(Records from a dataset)
»»

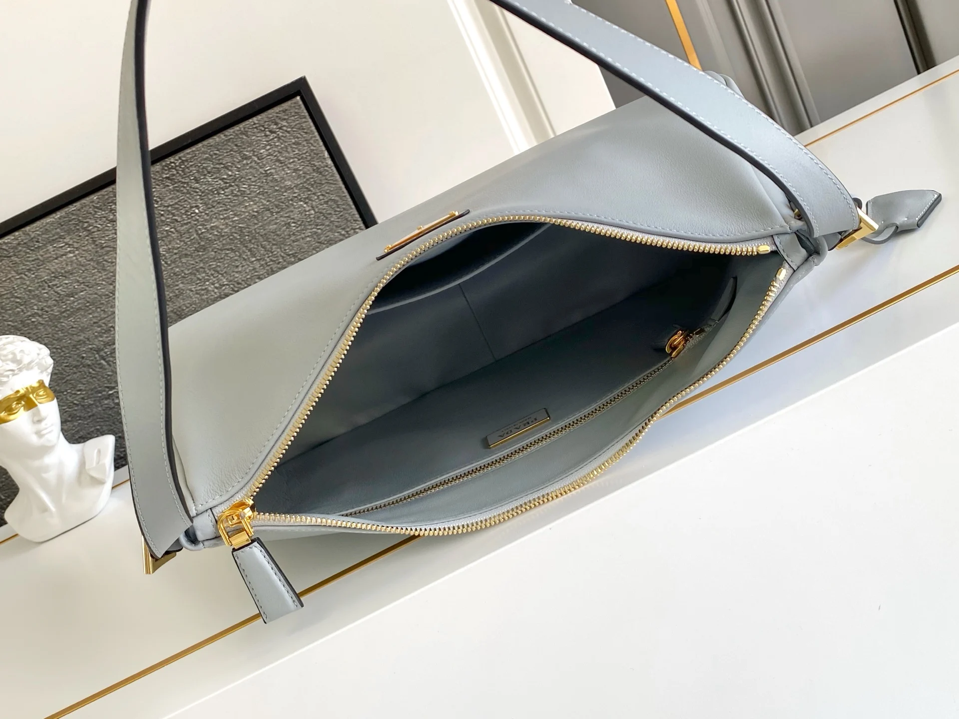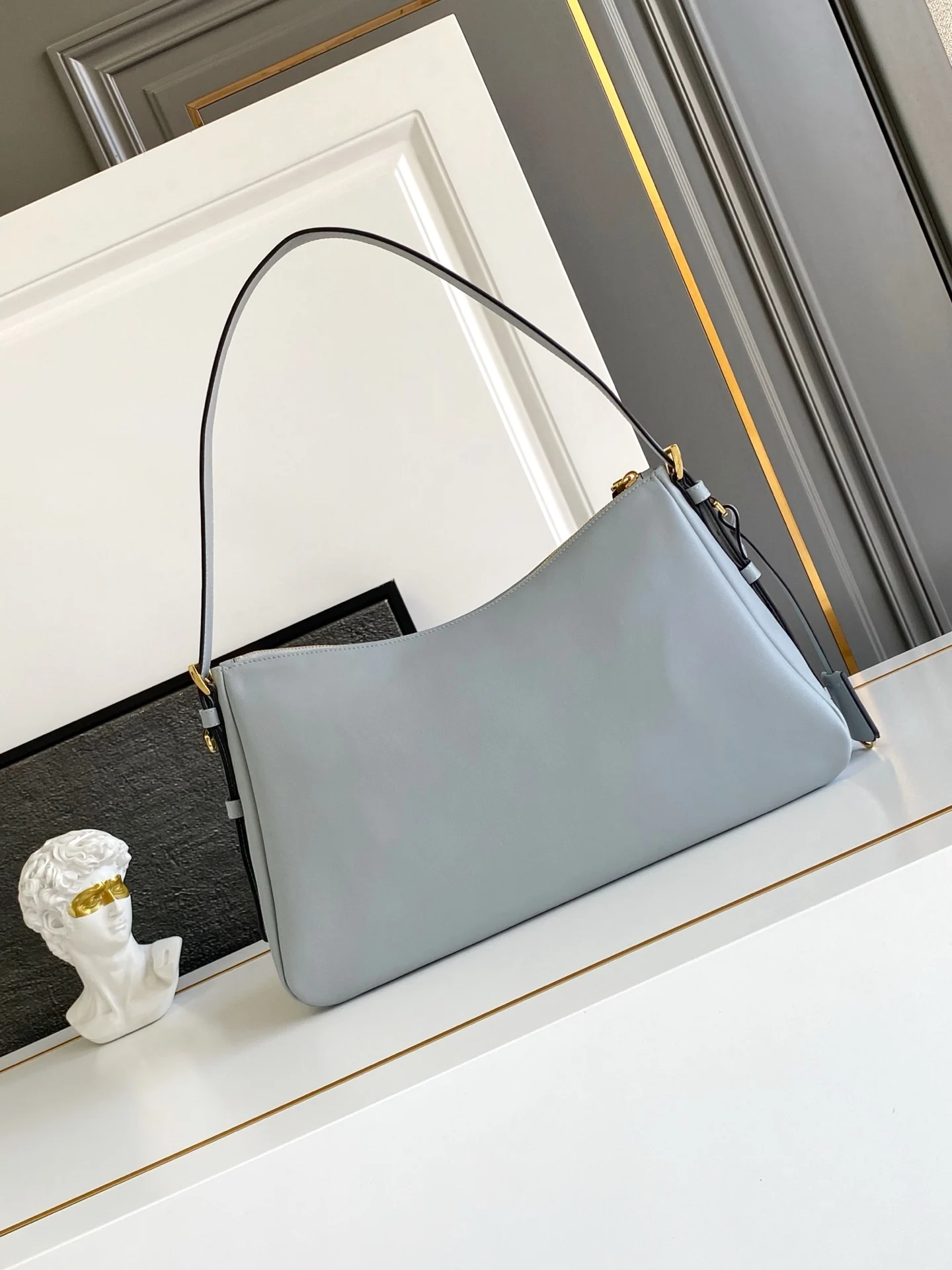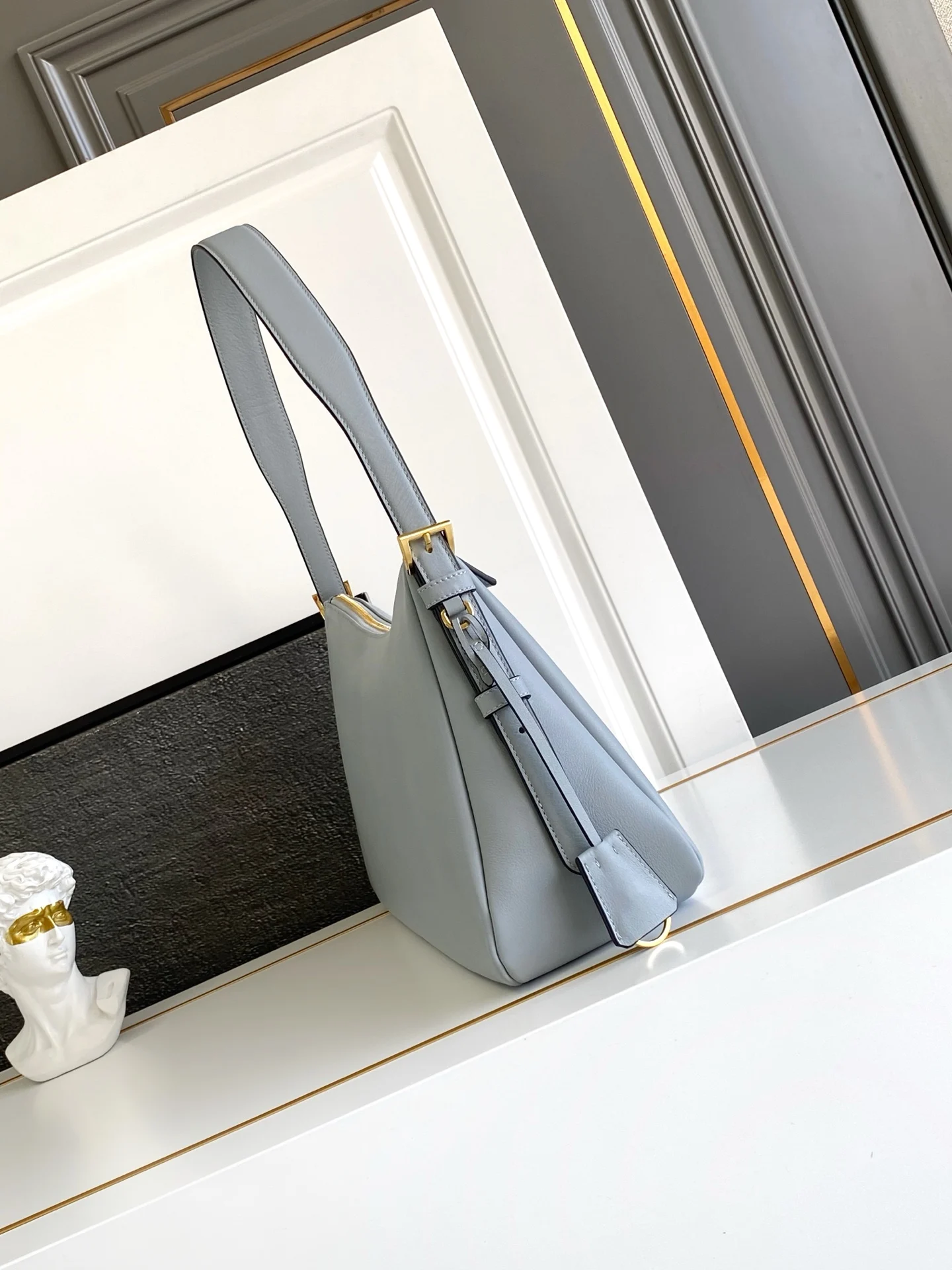 新款Aimee腋下包这款皮革Hobo腋下包设计气质简约 采用进口小牛皮 正面金属三角形珐琅徽标 配有可拆卸皮革肩带 皮质细腻柔软 实用轻便容量空间大高级百搭 又一个时尚爆款 赶紧入手吧 太美了
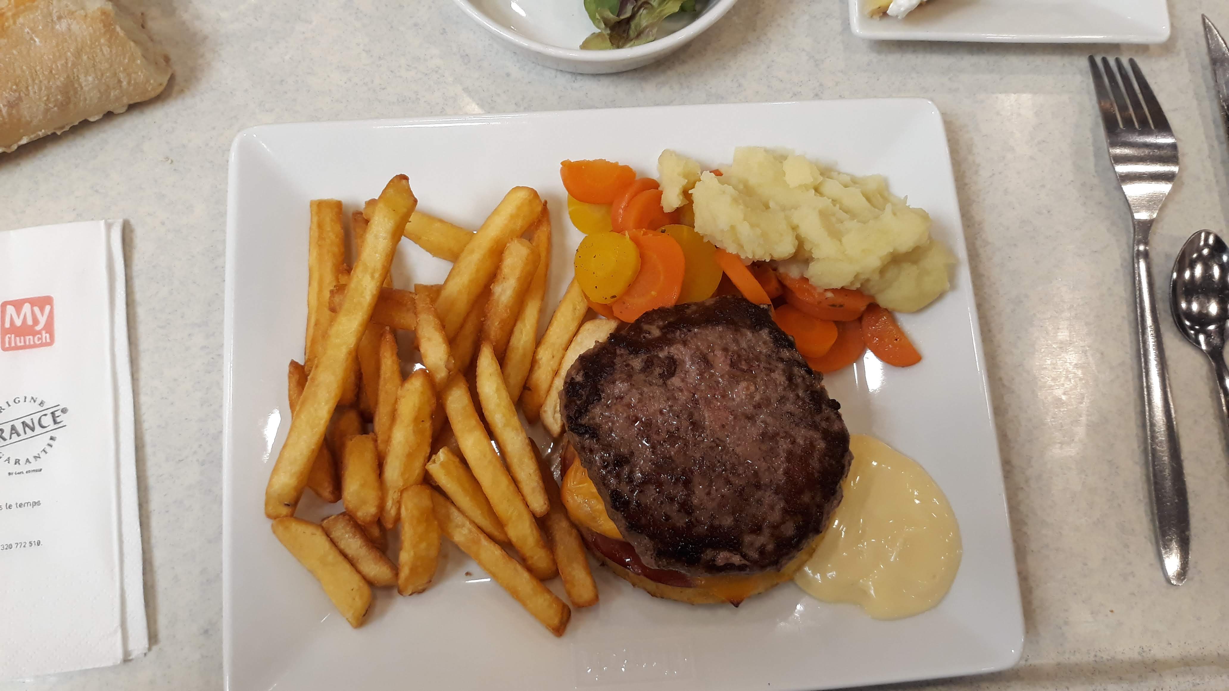 pièce du boucher si on peut appeler ça comme ça, 11.90, de taille minuscule alors ok les accompagnements sont à volonté mais il ne faut pas abusé, de plus, immangeable car trop nerveuse, en plus d'être toute petite elle m'as été servie BLEUE alors que j'ai demandé à point, au final j'ai du en manger d'un quart de ce tout petit morceau, pas envie d'y retourner car trop de monde. Beaucoup plus intéressant financièrement d'acheter en magasin et de préparer soit-même. Lamentable....Trop d'attente, et prix des boissons exorbitants (je parle pour les softs) 2.99 pour une bouteille d'eau, faut pas pousser. Attente aux buffets des accompagnements trop long les gens mangent comme s'ils étaient les seuls à manger, incroyable, en plus d'être désagréables. Déçus. RECTIFICATION : Grosse intox pour moi et mon conjoint. Merci Flunch 👍👍👍👍👍👍👍👍👍👍👍👍👍
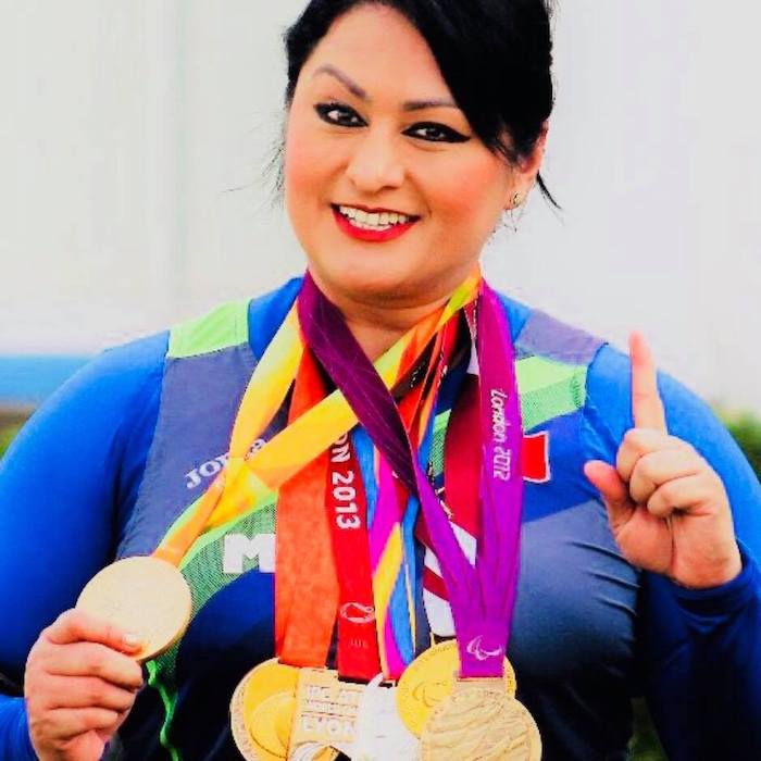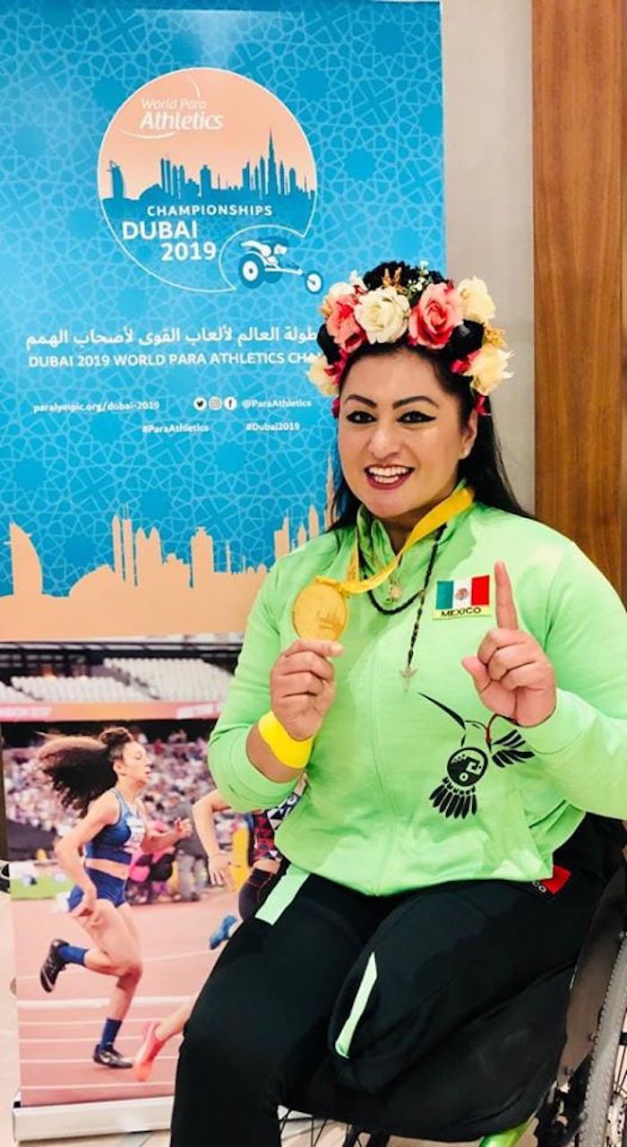 "Soy tetracampeona panamericana, cuatro veces ya en el número 1 de los parapanamericanos, iniciando con Río 2017, con récord del mundo además, después Beijing, mis primeros juegos paraolímpicos, mi primera medalla de plata y, luego, Londres con oro y doble récord del mundo, después vino Río 2016, también con oro y ahorita ya calificamos a Tokio en el pasado mundial en Dubai, fuimos la única medalla de oro en lanzamiento bala”, cuenta.
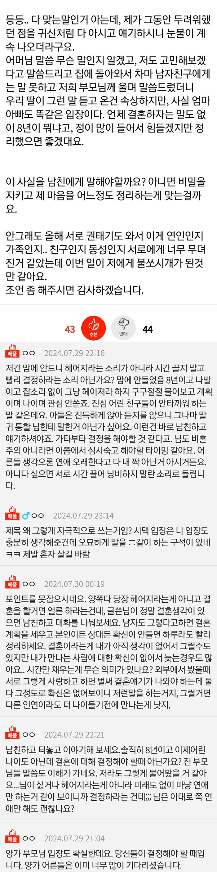 8년째 장기연애중인 여자의 고민
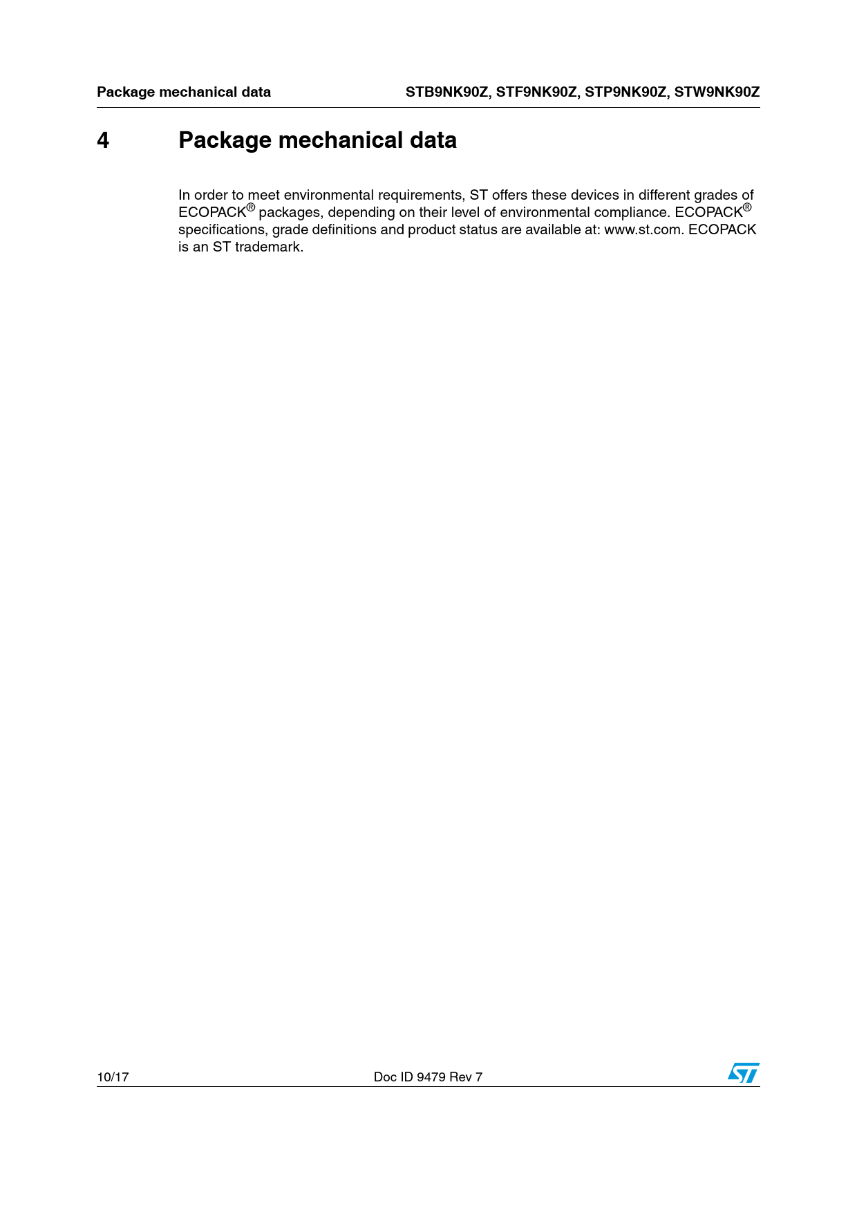 Seiten / Seite17 / 10 — Package mechanical data. STB9NK90Z, STF9NK90Z, STP9NK90Z, STW9NK90Z

««

TASK DESCRIPTION
Set down the records above word for word, from the first line through the line containing "pièce du boucher", both included; leave out the pictures.

RESPONSE TO THIS TASK
 新款Aimee腋下包这款皮革Hobo腋下包设计气质简约 采用进口小牛皮 正面金属三角形珐琅徽标 配有可拆卸皮革肩带 皮质细腻柔软 实用轻便容量空间大高级百搭 又一个时尚爆款 赶紧入手吧 太美了
 pièce du boucher si on peut appeler ça comme ça, 11.90, de taille minuscule alors ok les accompagnements sont à volonté mais il ne faut pas abusé, de plus, immangeable car trop nerveuse, en plus d'être toute petite elle m'as été servie BLEUE alors que j'ai demandé à point, au final j'ai du en manger d'un quart de ce tout petit morceau, pas envie d'y retourner car trop de monde. Beaucoup plus intéressant financièrement d'acheter en magasin et de préparer soit-même. Lamentable....Trop d'attente, et prix des boissons exorbitants (je parle pour les softs) 2.99 pour une bouteille d'eau, faut pas pousser. Attente aux buffets des accompagnements trop long les gens mangent comme s'ils étaient les seuls à manger, incroyable, en plus d'être désagréables. Déçus. RECTIFICATION : Grosse intox pour moi et mon conjoint. Merci Flunch 👍👍👍👍👍👍👍👍👍👍👍👍👍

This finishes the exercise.